На лице Порогина против воли возникла польщенная улыбка.
— Вот и славно, — сказала Дежкина. — А теперь — с Богом!..
14.07–15.22
Покуда охранник с неприветливым взглядом и узко сжатыми губами придирчиво проверял паспорта и пропуска, Черепец через окно разглядывал видневшиеся в отдалении верхние этажи здания.
Клавдия видела, что ему не по себе от предстоящего, хотя кинолог и старался выглядеть спокойным и равнодушным.
— Мрачновато тут у вас, — процедил Черепец, скользя глазами по переплетениям колючей проволоки вдоль забора.
— Алексей Георгиевич, — Клавдия будто не услыхала его слов, — надеюсь, вам не надо повторять о важности роли, которую вам предстоит сыграть…
— Я не артист, — почти огрызнулся Черепец, — и ни во что не играю, кроме как в шахматы.

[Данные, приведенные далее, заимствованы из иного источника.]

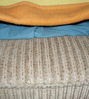 das Blaue identifizieren wir nun als das Oberteil meines Schlafanzugs und wir sehen, dass zwischen Teppich und Schlafanzug Platz ist ... ob da auch etwas drunter ist ? Schauen wir mal nach ...
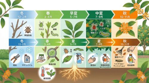 害虫対策において「いつ、何をすべきか」を知ることは、勝負の8割を決めると言っても過言ではありません。金木犀には、特定の時期に特定の害虫が動き出す「バイオリズム」があります。やみくもに薬剤をまくのではなく、このリズムに合わせて狙い撃ちすることが、最も賢く、安全な防除法です。

Мы с вами ни о чем не договаривались. Я согласился приехать сюда, потому что хочу видеть Ирину… и задать ей пару вопросов. Извините за грубость, но мне наплевать на цели, которые преследуете вы!..
Лицо Клавдии сохраняло непроницаемость.
— Странно слышать от вас подобные речи, — сказала она. — Когда вам нужна была помощь, вы вели себя несколько иначе. Удивительный у нас народ, — вдруг воскликнула она, всплеснув руками, — естественную и необходимую помощь службам правопорядка считает стукачеством и чуть ли не подлостью. В таком случае отчего же, когда вам плохо, трудно, когда вас незаслуженно обижают, со всех ног бежите к нам?.. Разыскивая Фому, я опросила немало людей, и вряд ли бы нашла вашу собаку, если бы не информация, которую они предоставили. Вы, между прочим, и тогда молчали до последнего… На своем рабочем месте я выполняю долг не только служебный, но и нравственный, а вот вы?!..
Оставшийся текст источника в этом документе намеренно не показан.